Three years later, when she arrived at Trinity College Dublin as Reid professor of law in 1975, she and David Norris founded the Campaign for Homosexual Law Reform. In RTÉ interviews then she said Irish society had to contemplate formal gay relationships, like marriage.

In an article for the UK Catholic monthly the ‘Tablet’, published on March 15th, 1997, she wrote of how “women have observed the enormous drain of heterosexual males from the priesthood and the growing phenomenon of gay priests”.

She continued by writing that women “are quietly asking what is happening at the core of the call to priesthood that attracts homosexuals in much greater numbers than their population distribution would explain.

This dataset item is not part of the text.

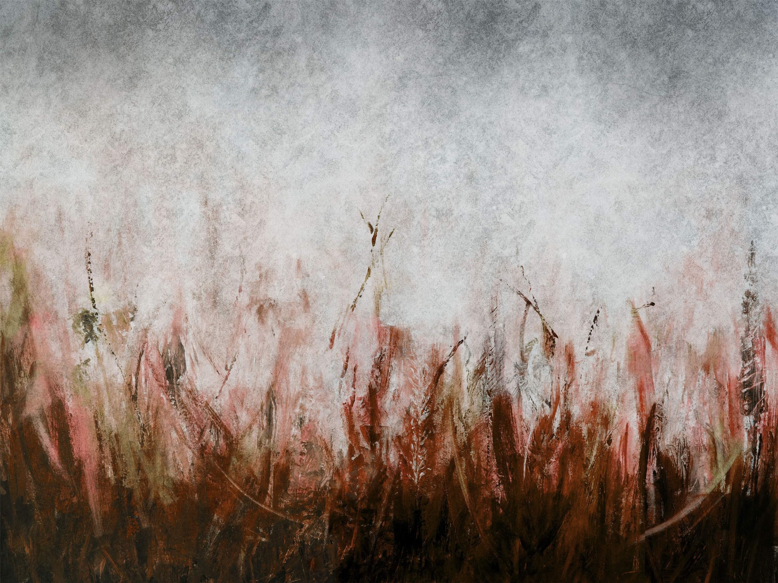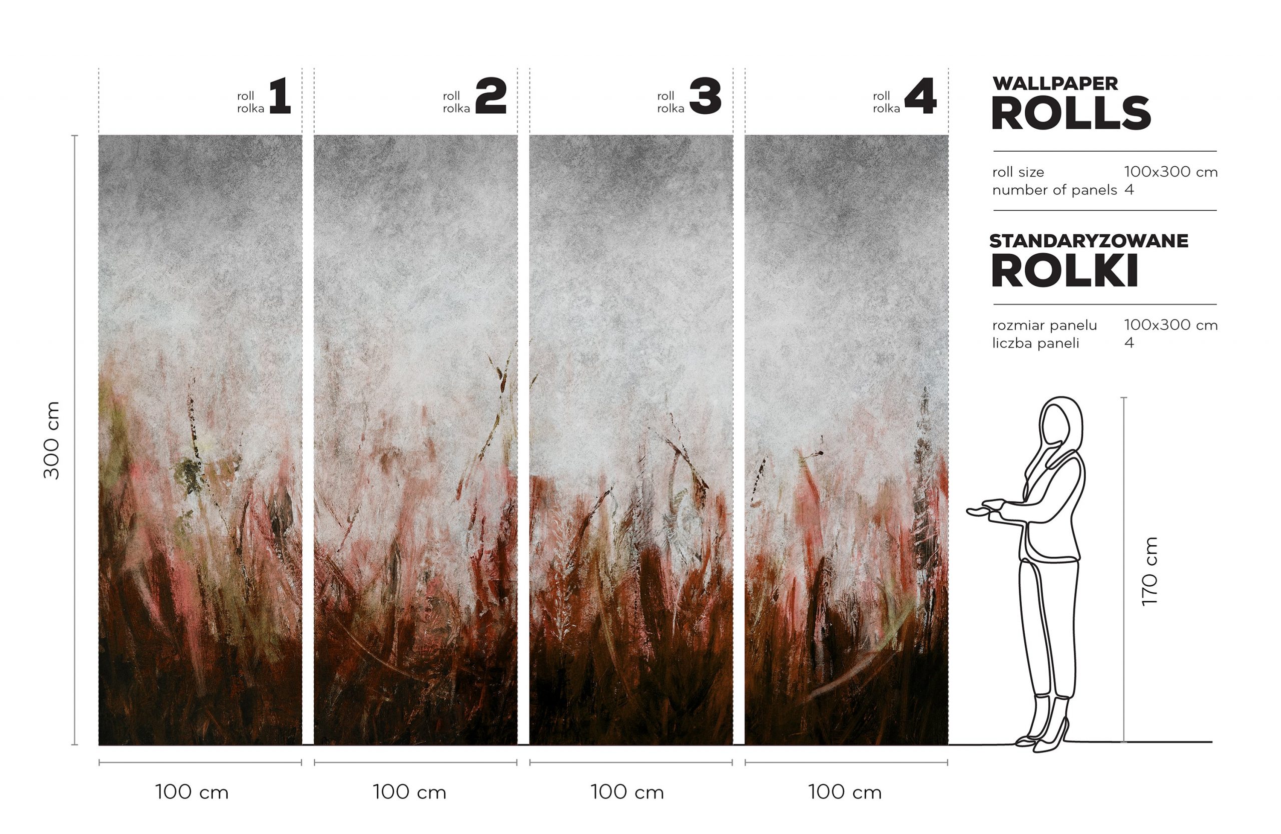 Wzór składa się z wyrazistych, pionowych i ukośnych pociągnięć pędzla, bez wyraźnej powtarzalności. To tworzy efekt wielkoformatowego muralu. Rytm smug oraz miękkie przejścia tonalne wprowadzają interesujący kontrast. Surowe „betonowe” szarości zderzają się z ciepłem rudości, tworząc atmosferę dynamiczną, a zarazem kontemplacyjną. Z bliska zachwycają detale i niuanse kolorystyczne. Satynowo-matowa powierzchnia pięknie rozprasza światło, podkreślając malarską fakturę oraz intensywność barw.

These questions are not being raised in any homophobic way but are among the raft of questions bubbling to the surface as we struggle to come to terms with the manifest demise of the model of priesthood on which the priest-mother alliance was once founded and is now foundering.”

McAleese's observation in the Glasgow 'Herald' that the Catholic Church had been in denial about homosexuality in the priesthood for decades is not an isolated one. In a US book, 'The Changing Face of the Priesthood', written in 2000 by Fr Donald Cozzens, former president of St Mary's Catholic seminary in Cleveland, Ohio, the writer estimated that half of Catholic priests had a homosexual orientation.